Influence from global cultures led designer Tim Wan to look beyond a non-Western aesthetic
Tim Wan's influences span from a residency in Italy to Leeds College of Art and the futuristic art galleries of Hong Kong. An East Ham-based graphic designer and art director, he works within the intersections of art, culture, fashion, photography and commerce.
Since 2014, Studio Wan has contributed to and nurtured long-term working relationships with a number of London's leading design studios as well as consulting for various fashion brands, offering art direction, brand strategy and design direction.
One of the early breakthroughs in his career was winning a scholarship at Fabrica, a communications research centre in Italy financed by the Benetton Group. Housed in a renovated 17th Century villa in the Italian countryside in Treviso, it produces Colors magazine, amongst other projects.
The centre aims to combine culture with industry and offers young people the opportunity for creative growth and multicultural, multidisciplinary interchange. The centre offers people under 25 from around the world a one-year scholarship, accommodation and a round-trip ticket to Italy.
It proved a turning point for Wan and still influences him today. "It is a place that invites people from different backgrounds – whether photographers or artists – and has a rich roster of people who have been there. The experience I had there shaped how I work now."
He has worked on many prestigious magazine titles, including Colors magazine, a quarterly title about 'the rest of the world'. What was great about the title, says Wan was it being "a single topic magazine as this allowed us to research into one subject. With the first publication I did, there was no advertising and no external pressure, so we didn't need to present to anyone. We just came up with an idea."
It was also a huge learning curve to collaborate with others. There was a team of twelve, made up of researchers, writers, illustrators, and designers, making two magazines per year.
Wan found that his practice was becoming more editorially focused. He already had a good grounding in graphic design, which he studied at Leeds College of Art. He then went on to work on AnOther magazine, an international fashion and culture bi-annual, whose editor-in-chief is Susannah Frankel and was founded by Jefferson Hack.
The magazine was at the forefront of design twinned with technology and was the first to have a high-definition LED moving cover.
The redesign of AnOther magazine was challenging, says Wan, because it already had a defined look and feel. It was important "to still make it contemporary and new without losing its identity – to respond to the heritage of the publication.

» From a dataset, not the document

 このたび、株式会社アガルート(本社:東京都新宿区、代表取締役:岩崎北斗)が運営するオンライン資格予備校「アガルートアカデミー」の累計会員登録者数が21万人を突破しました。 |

"We had to juggle a lot of the research analysis and development at the same time as trying to understand the crux of the magazine. Conversation and dialogue are the most important, as we always start with a conversation. We don't go into design elements and assets immediately."
Growing up, Wan says he was fortunate in that his parents didn't pressurise him into taking a more conventional career path. "With a Chinese background, you see in popular culture that parents want their kids to go into accounting or become an academic. My parents were very relaxed and didn't pressure me. They were very supportive."

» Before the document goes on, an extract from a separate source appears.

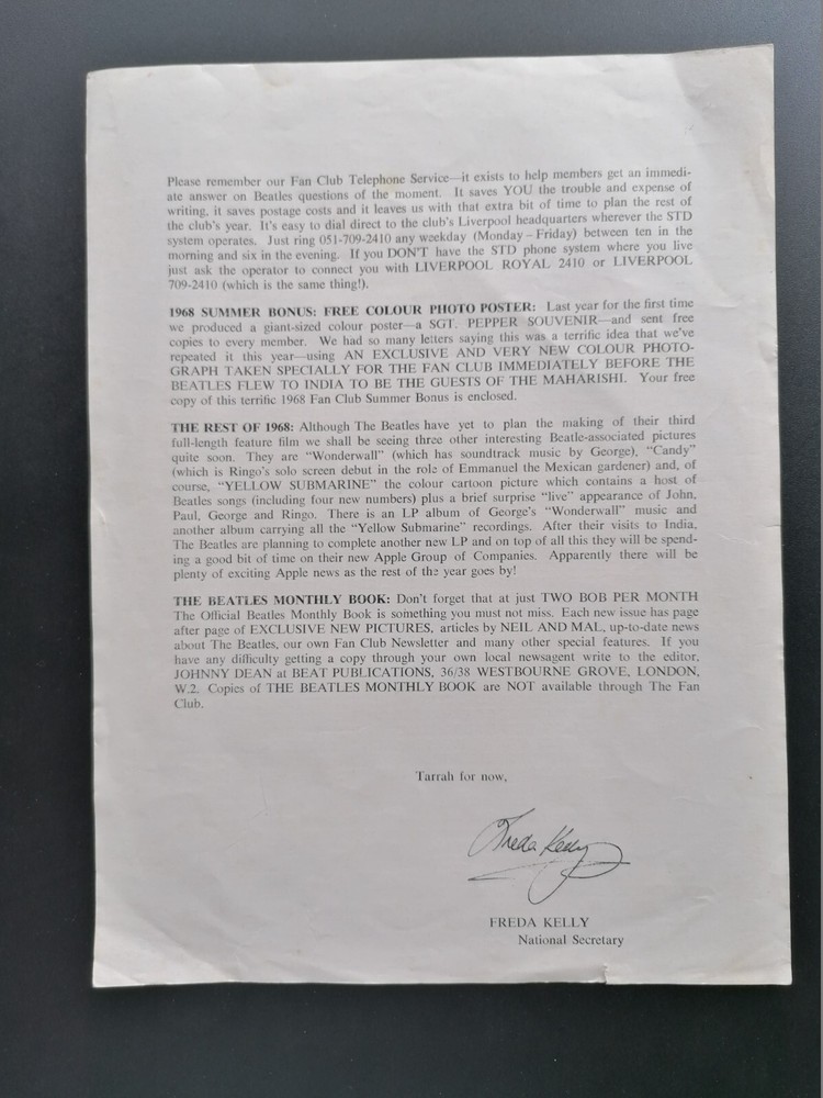 <DIV style="TEXT-ALIGN: center"><IMG border=0 src="https://ti2.auctiva.com/sw/java.gif"><BR> <TABLE align=center> <TBODY> <TR> <TD><A style="TEXT-DECORATION: none" href="https://www.ebay.co.uk/usr/paddysgoose" target=_blank><IMG border=0 src="https://ti2.auctiva.com/sw/noflash.gif"></A></TD> <TD height=27 vAlign=center align=middle><FONT size=2 face=arial><B><A href="https://www.ebay.co.uk/usr/paddysgoose" target=_blank>paddysgoose</A> Store</B></FONT></TD></TR></TBODY></TABLE></DIV> <IMG border=0 src="https://ti2.auctiva.com/web/aswCredit.gif"><BR><A href="https://ebaybusinessbuilder.com/listing-tools/#ebay-only-listing-tools" target=_blank><IMG border=0 src="https://ti2.auctiva.com/images/sc1line1.gif"></A> THIS IS A ORIGINAL 1968 SUMMER BEATLES FAN CLUB LETTER WITH FAN CLUB NEWS AND DETAILING EVENTS OF 1968 IT IS IN GOOD PLUS CONDITION

Rather, they were bemused by the world of design. "They didn't really understand it, and my mum still doesn't understand it. How do you describe or explain creating a concept?"
Much of Wan's work is structural and "kind of invisible", as he puts it. Trying to explain what you can't see remains a challenge for many creatives.
Wan derives much of his inspiration from visiting galleries, both independent and commercial. Looking at a non-Western aesthetic remains important. "The last gallery I went to was in Hong Kong. There's a whole cultural district in West Kowloon and I try to go once a year."
He was particularly impressed with M+, a museum of visual culture in the West Kowloon Cultural District of Hong Kong which opened on 12 November 2021. It exhibits twentieth and twenty-first-century visual culture encompassing visual art, design and architecture, and moving image.
Wan enjoys the depth and breadth of the exhibitions encompassing "Chinese arts from thousands of years ago to contemporary. It's so refreshing to see such a breadth of artists working both in China and Asia all the way to Taiwan."